**RAW DATA:**
========================================

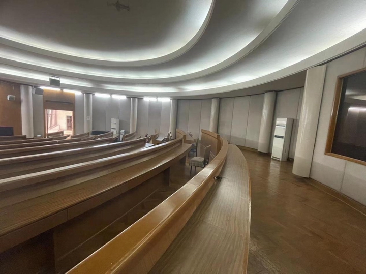 地面:PVC地板,可活动主席台,主席台采用实木复合木地板;
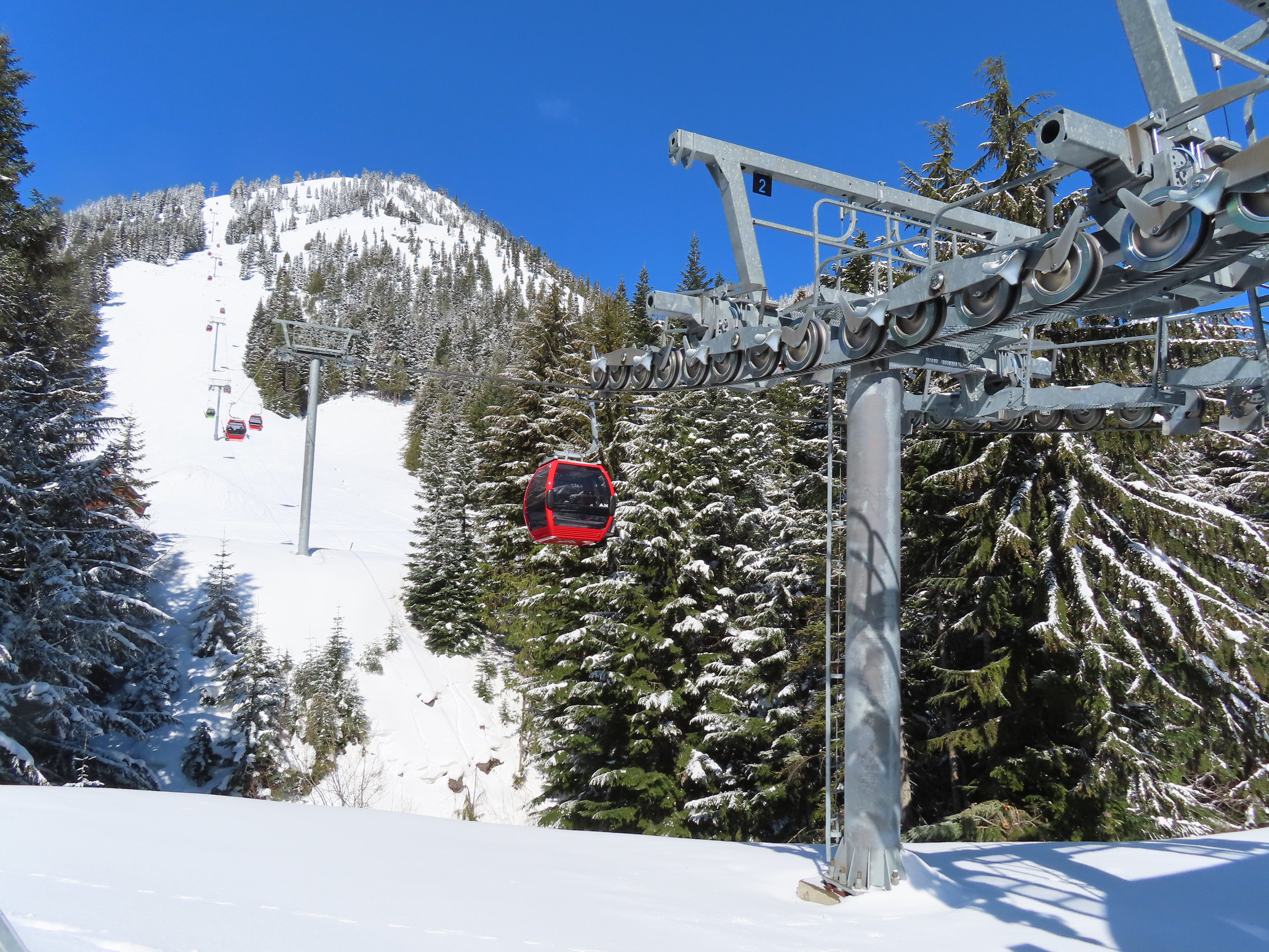 I’m very curious where y’all have heard the Riblet rumour. They never built a detachable tramway; the best I could see them having designed is a 750-FPM pulse lift with four to eight (most likely eight) pulses of a few gondola cabins apiece. I was in operations at Crystal during the formative years of what wound up as the current MRG and I never once heard any Riblet mentioned as a contender. Garaventa, Poma, and Doppelmayr were all in the mix; as we know, Garaventa and Doppelmayr merged (after I left there) so it was down to two manufacturers by the time this was built.
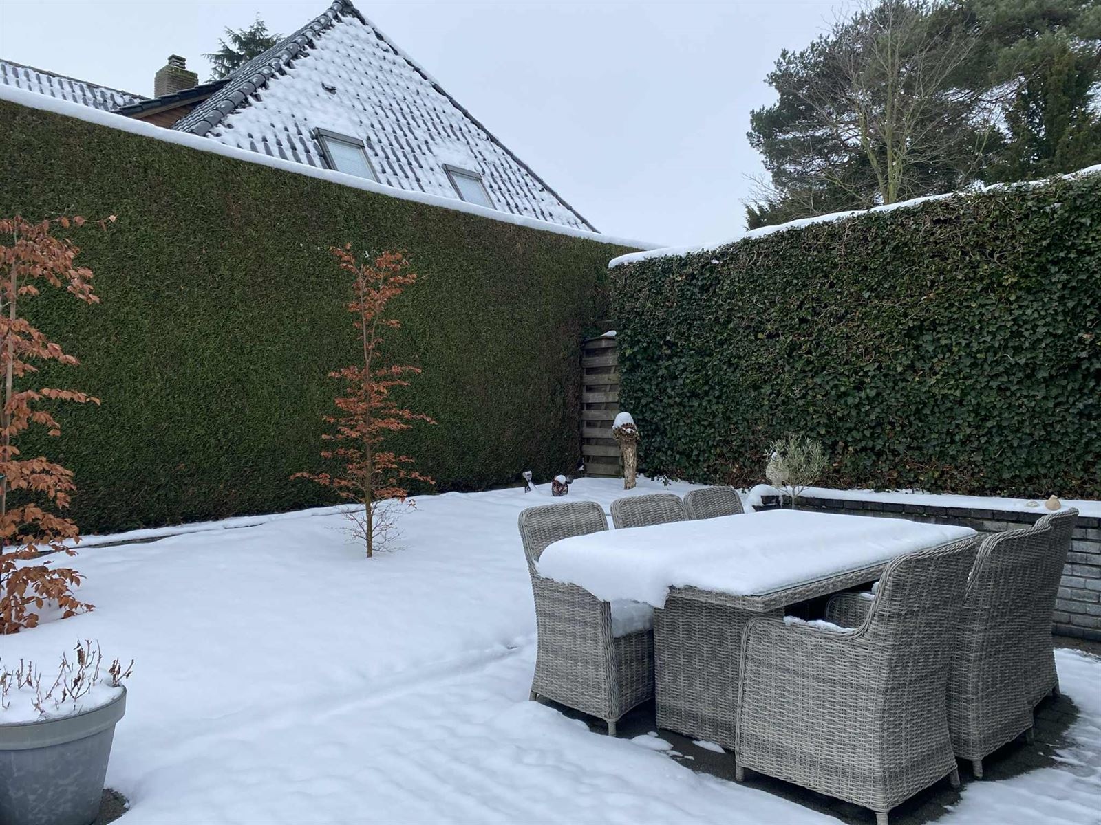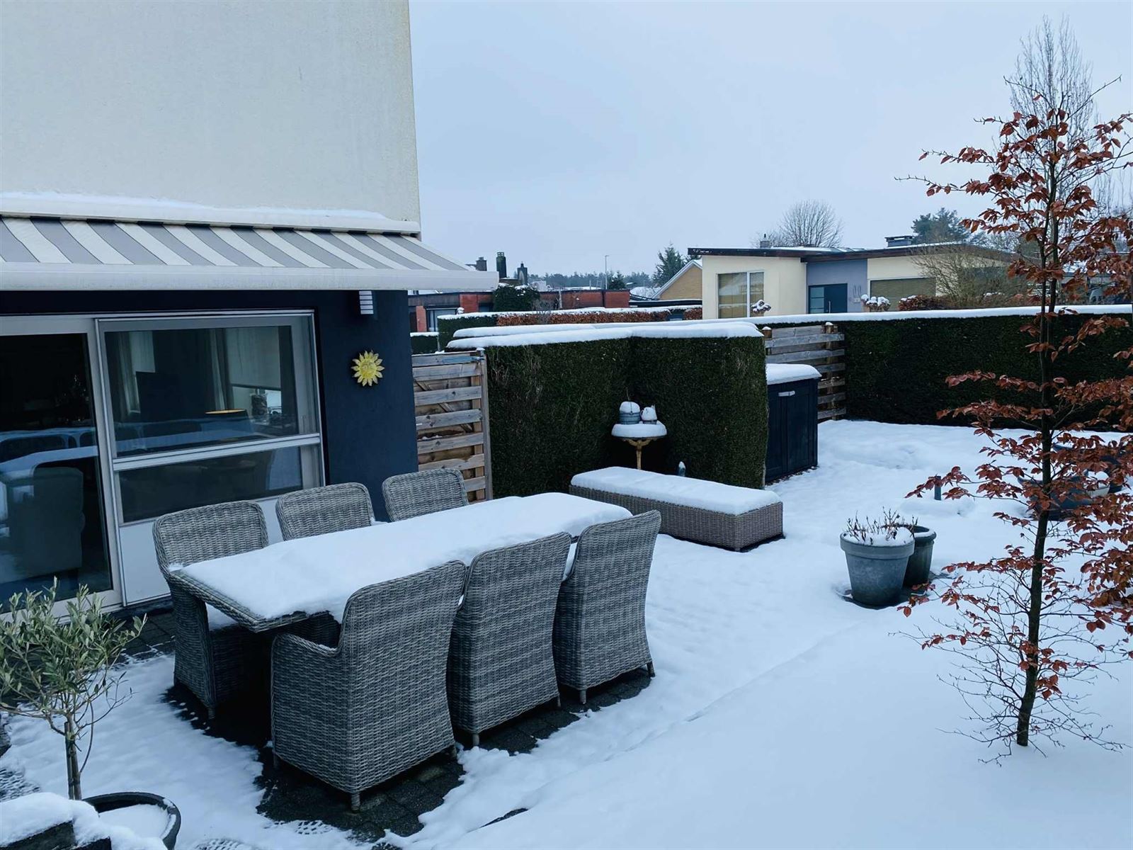 Buiten geniet u van een verzorgde, volledig omheinde tuin met veel privacy en een zuidwestgericht terras van ca. 25 m², ideaal voor gezellige zomeravonden. De wagen kan eenvoudig worden geparkeerd op de oprit.

========================================

Pictures aside, reproduce the listing above exactly.

**SOLUTION:**
 地面:PVC地板,可活动主席台,主席台采用实木复合木地板;
 I’m very curious where y’all have heard the Riblet rumour. They never built a detachable tramway; the best I could see them having designed is a 750-FPM pulse lift with four to eight (most likely eight) pulses of a few gondola cabins apiece. I was in operations at Crystal during the formative years of what wound up as the current MRG and I never once heard any Riblet mentioned as a contender. Garaventa, Poma, and Doppelmayr were all in the mix; as we know, Garaventa and Doppelmayr merged (after I left there) so it was down to two manufacturers by the time this was built.
 Buiten geniet u van een verzorgde, volledig omheinde tuin met veel privacy en een zuidwestgericht terras van ca. 25 m², ideaal voor gezellige zomeravonden. De wagen kan eenvoudig worden geparkeerd op de oprit.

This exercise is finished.